Regarding the ​Teachers​, this Project provided CLIL-Methodology Training to teachers of primary and lower secondary schools. There were three main goals in this Project.

Project Objective 1: Raising teachers’ awareness of the importance of Language-Learning in the context of Content-Instruction. If we want our learners to ​think correct thoughts and ​formulate accurate understandings, we must provide them ​ “​the language to think with”. However “academic language is nobody’s mother tongue” (Bourdieu & Passeron, 1977)​ ​. It is therefore necessary to explicitly teach academic discourse, the discipline-specific way of using language to talk about discipline-specific concepts. This is the case even if we are teaching young children since they need age-appropriate academic language to understand content in age-appropriate but academically correct ways. Although we should also explicitly teach age-appropriate academic language in the mother tongue, when we are using a foreign language for instruction we automatically realize that students do not have the linguistic resources to comprehend and produce age-appropriate academic discourse regarding content they are learning about.
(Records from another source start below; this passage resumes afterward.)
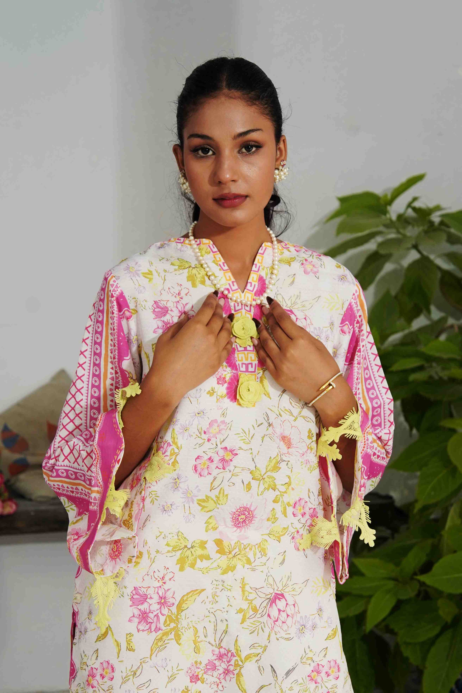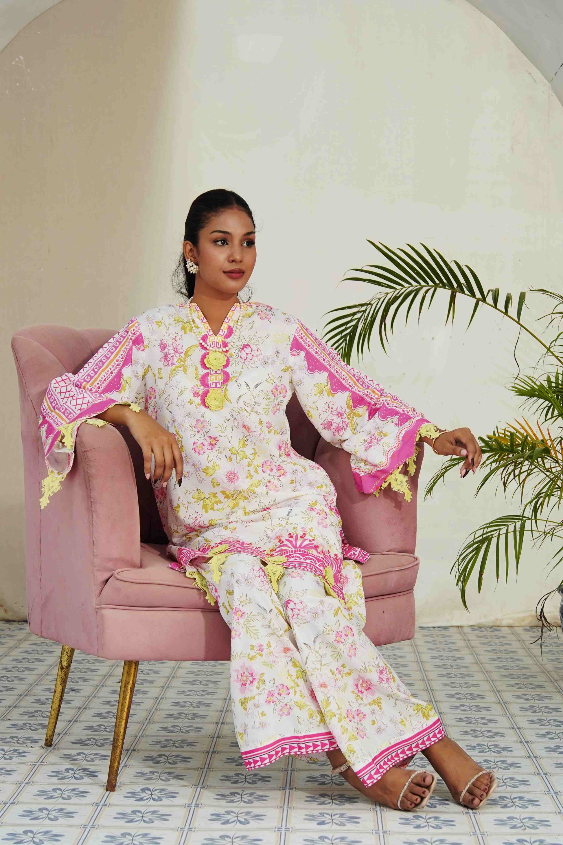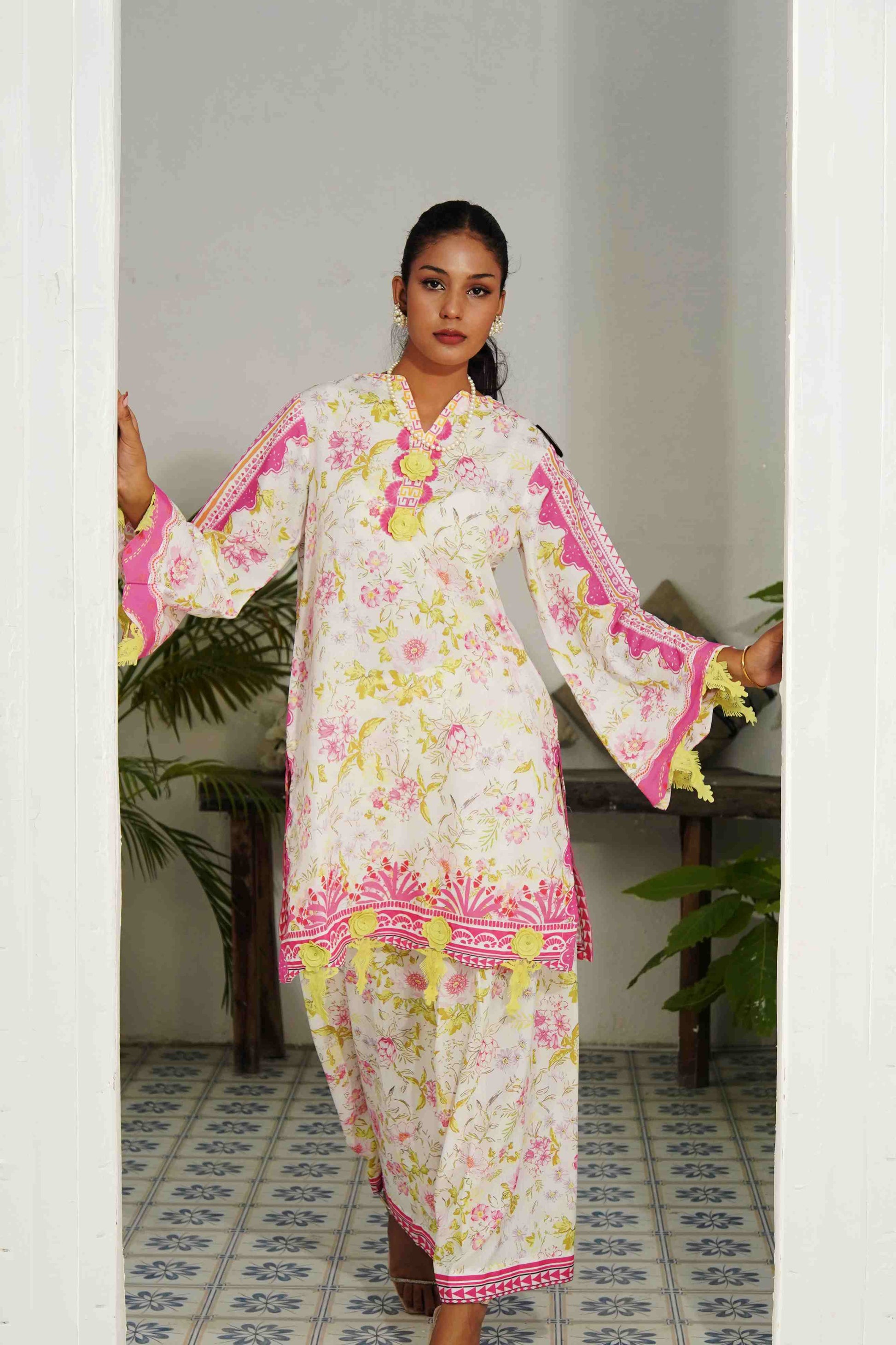 Add effortless charm to your wardrobe with this printed co-ord set crafted from soft Linéa Cambric. Featuring a floral, geometric pattern Styled with a bunch work, the set pairs a shirt with matching culottes. Perfect for casual outings, brunches, or everyday wear.
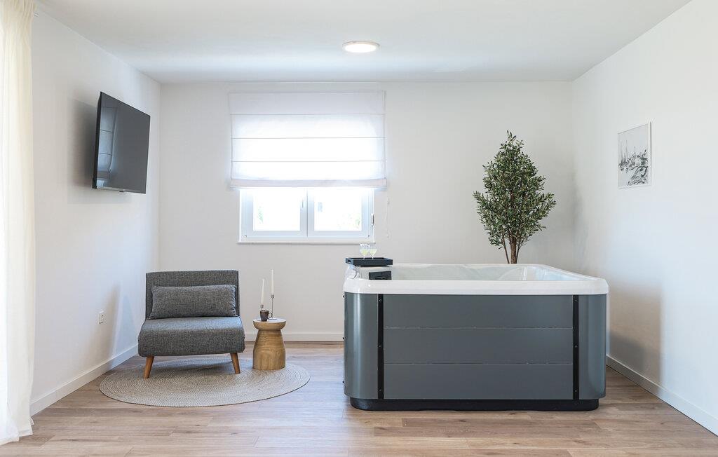 Oplev en uforlignelig feriefølelse i dette skønne feriehus med havudsigt og pool. Velkommen til jeres nye yndlingssted - dette charmerende og store feriehus i Maslenica, der tilbyder jer både komfort og en følelse af hjem. Med to separate indgange giver det jer mulighed for at opnå en perfekt balance mellem at tilbringe tid sammen og privat tilbagetog. Hver etage er noget særligt med et lyst, smagfuldt design, der skaber en venlig atmosfære. Wellness-området med sauna, spabad og fitnessudstyr lægger op til at slappe af og lade batterierne op efter en aktiv dag. Nyd panoramaudsigten over Novigradhavet fra stuen og balkonen eller slap af ved poolen i haven. Den overdækkede terrasse lægger op til middag udendørs efter at have tilbragt eftermiddagen med at dase på liggestolene. Maslenica og dens omgivelser er et sandt paradis for opdagelsesrejsende og eventyrlystne. Naturen omkring Paklenica Nationalpark byder på uendelige muligheder for vandre- og klatring. De nærliggende strande lægger op til at bade i det klare vand eller blot nyde solen. Et besøg i den livlige by Zadar er også værd - her finder I historiske seværdigheder og de unikke havorganer. Lokale restauranter giver jer mulighed for at nyde lækre dalmatiske specialiteter. Oplev uforglemmelige øjeblikke i denne vidunderlige region.
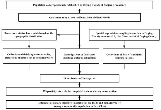Based on the population cohort which had been previously established in Deqing County of Zhejiang Province, which is located in Taihu basin of Yangtze Delta, China, one community was randomly sampled in this study. A total of 600 local residents from 194 households (aged 18 years or above, living in the study regions for more than 6 months and having no plan to move out) were recruited in this study in June 2019. Those with serious body diseases such as cardiovascular and cerebrovascular diseases and liver and kidney diseases were excluded. Each subject was required to fill out a questionnaire regarding their demographic and social-economic characteristics, and was asked to complete a food frequency questionnaire regarding the consumption of drinking water and common foods. Drinking water samples were collected at the same time. Finally, 523 subjects with the completed data of dietary consumption were eligible for the final analysis. The response rate was 87.2%. A flow chart of the process is presented in Figure 1. Written informed consent was obtained from all subjects before data collection. This study was reviewed and approved by the Institutional Review Board of Fudan University School of Public Health (number: 2019-03-0733, date: 18 March 2019).
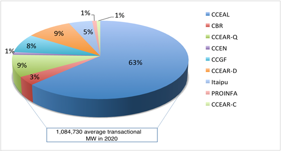 Note in Figure 2 that 63% of the contracted energy was negotiated through electricity commercialization contracts in the free environment (CCEAL), followed by quantity contracts (CCEAR-Q) and availability contracts (CCEAR-D).
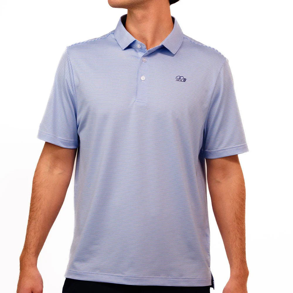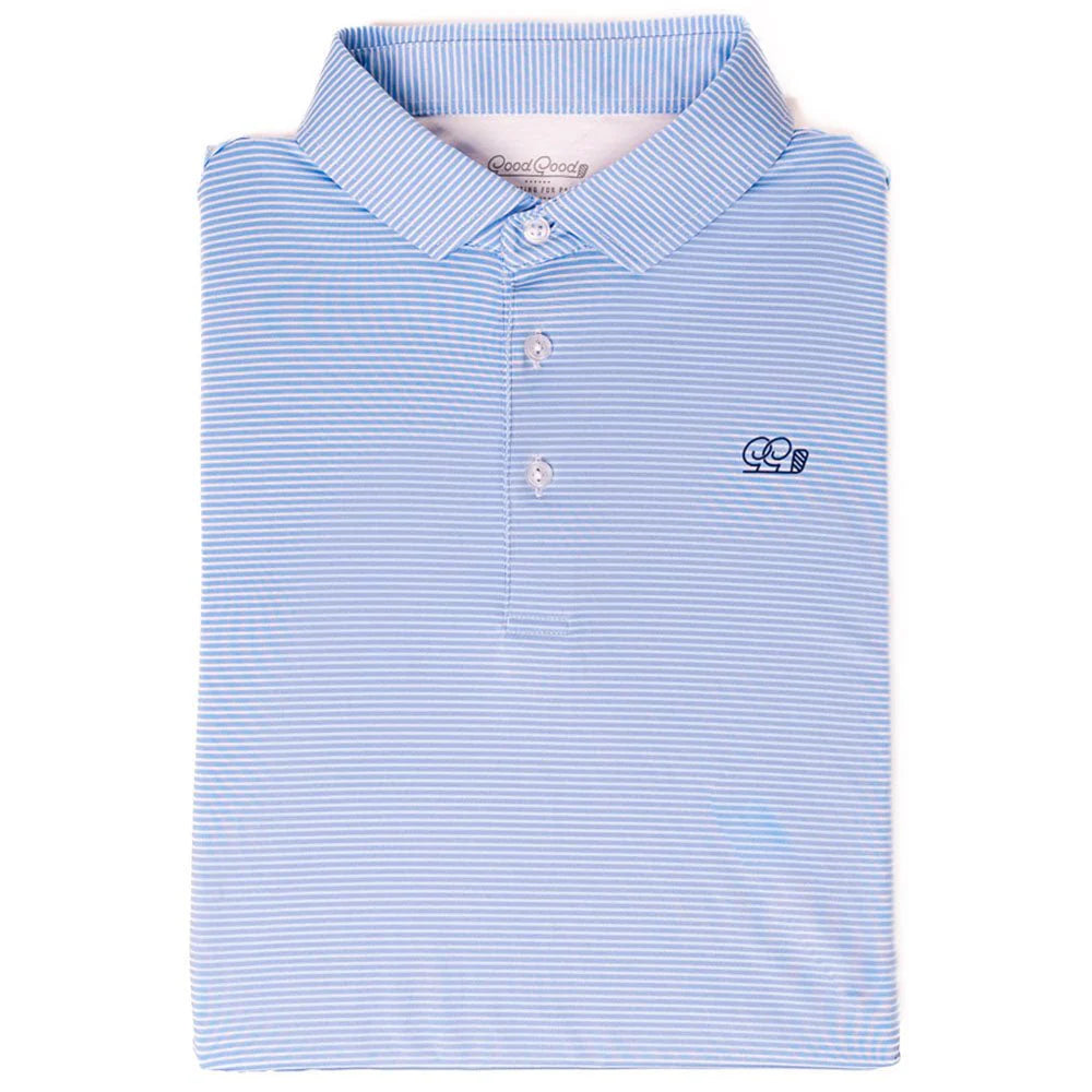 Tee off in style with the Good Good Men's Birdie Blue Polo 25. Its knitted 4-way stretch allows for unrestricted movement during your swing while the structured collar maintains a sharp look. Stay cool and dry with moisture wicking fabric and UPF 50+ protection. Made from a super soft and durable polyester/spandex blend. (Fore real, it's an athletic fit!)
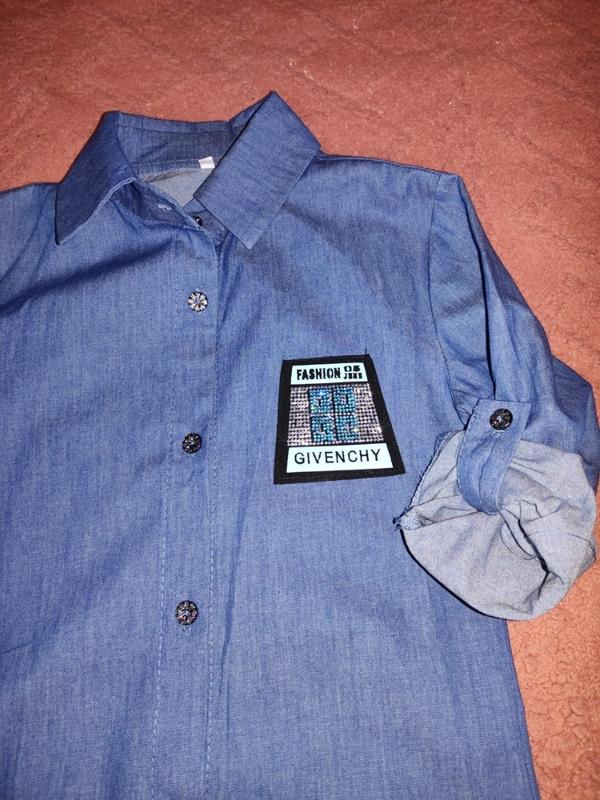 Новая джинсовая рубашка, ткань легкая, очень приятная к телу. Длина спереди 51, сзади 58. ОГ 37, рукав от плеча 48, плечи 34.
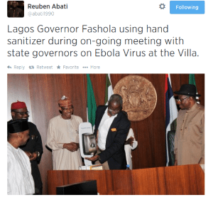 President Jonathan pictured above using hand sanitizer during on-going meeting on Ebola virus with state governors at the Villa. VP Sambo and Governor Fashola also used the sanitizer.
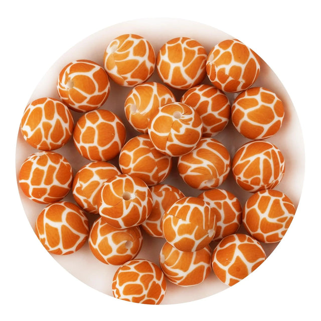 Silicone Bead Round - Giraffe (5 Beads - 15mm)
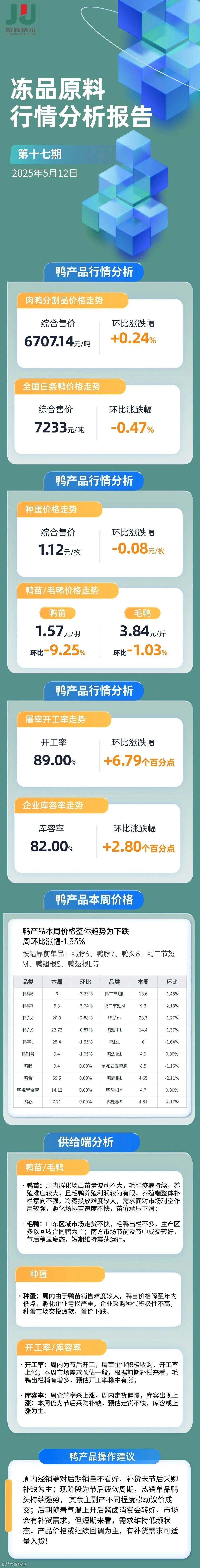 2025第17期冻品原料(鸭鸡猪牛)行情走势分析报告
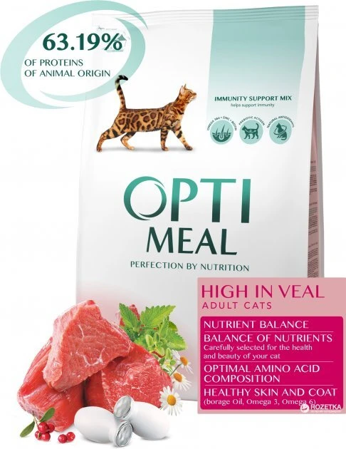 Optimeal для дорослих котів з яловичиною — суперпреміальне харчування для дорослих котів, виготовлене під контролем ветеринарів. Унікальна рецептура для здоров'я та краси домашнього улюбленця містить відбірні м'ясні інгредієнти, корисні трави, ягоди, натуральні антиоксиданти та пребіотики. Все це створює щоденний природний захист імунітету вашого кота, а також гарантує здоров'я та красу вашого улюбленця на довгі роки. Наявність у рецептурі раціону свіжого м'яса яловичини у вигляді фаршу забезпечить вашого улюбленця високоякісним легко засвоюваним протеїном тваринного походження.
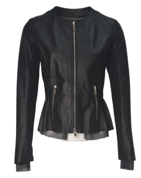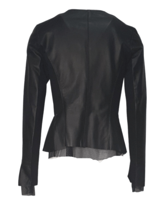 Italiaans design echt lederen jas van lamsleer. Dit soepele lederen jasje zit mooi aangesloten doordat er een jersey stretch stof verwerkt zit aan beide zijkanten. Er komt tulle aan de onderkant uit het jasje om een extra leuk effect te creëren.
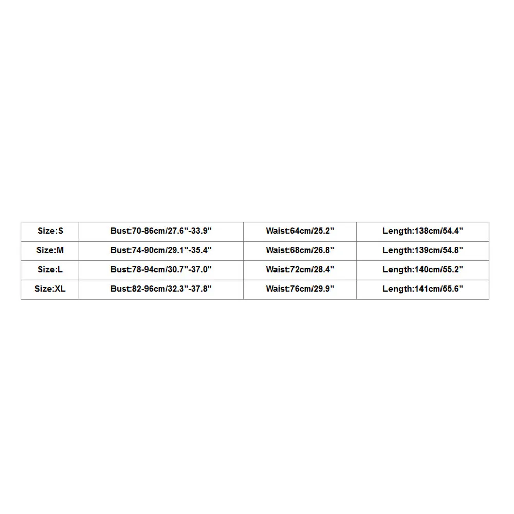 | Size:S | Bust:70-86cm/27.6"-33.9" | Waist:64cm/25.2" | Length:138cm/54.4" |
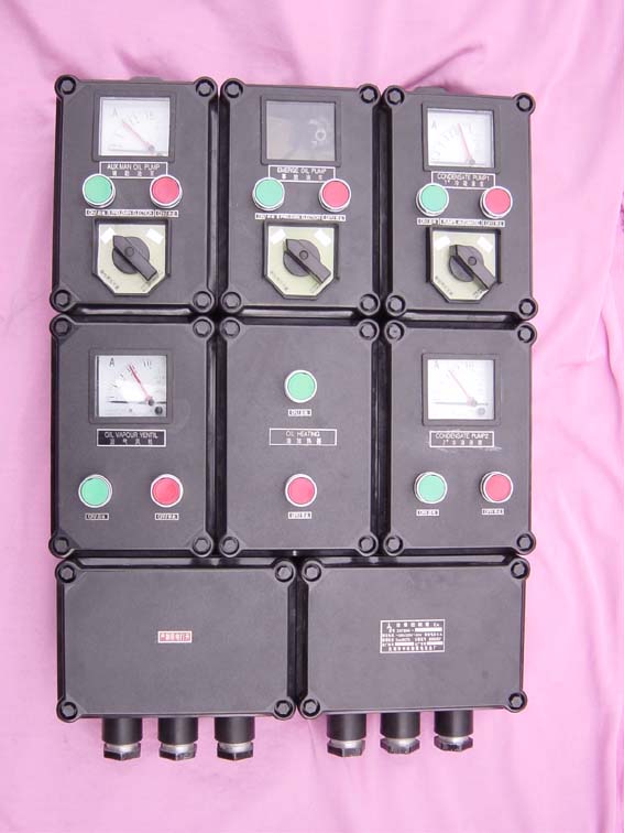 產(chǎn)品特點(diǎn):防爆控制箱一般為復(fù)合型結(jié)構(gòu),外殼采用增安型結(jié)構(gòu),內(nèi)裝元件采用隔爆型元件或增安型的元件,或一個(gè)隔爆型主腔內(nèi)裝各種元件;  或兩種結(jié)構(gòu)結(jié)合成一體;外殼采用采用高強(qiáng)度鑄鋁合金制成,外表面靜電噴塑,內(nèi)裝的元v件有按鈕,控制開關(guān),儀表,繼電器或各種功能模塊,其中按鈕控制開關(guān),電流表和電壓表,指示燈均為防爆元件,控制箱內(nèi)部元件功能,控制開關(guān)有多種功能可供選擇.指示可根據(jù)用戶的要求進(jìn)行排列,可實(shí)現(xiàn)多種燈也有多種顏色可供選擇,由于該產(chǎn)品變化多端訂貨時(shí)請?zhí)峁┚路圖. ※符合GB3836-2000,IEC60079標(biāo)準(zhǔn)要求

Using a foreign language therefore makes us explicitly aware of the need to “​attend to language ​ learning during content instruction”. _


Project Objective 2: Helping teachers become aware that academic discourse cannot be assimilated through passive receptive osmosis but must be made explicit by using tasks that show students how this language “looks” and tasks that prompt students to produce this language through writing and speaking. There is ample anecdotal evidence to show that simply listening to teachers using this type of discourse to explain content is not enough to guarantee that students will learn this academic language. The need to explicitly see and produce such discourse becomes obvious when the language of instruction is a foreign language for the learners: teachers might speak English well, but the children do not. Therefore CLIL teachers increase opportunities for students to see and produce discipline-specific and age-appropriate academic language so to help students learn about content. Project Objective 3: Helping teachers design and develop CLIL learning materials that utilize age-appropriate academic discourse in ​tasks which students must complete, actively and interactively, so to learn about various concepts regarding Art. The challenge for the teachers was that the English academic language ​ used in the tasks had to be rendered ​comprehensible to learners whose English competence was not high, at the Common European Framework Reference, ​CEFR Level A1/A2.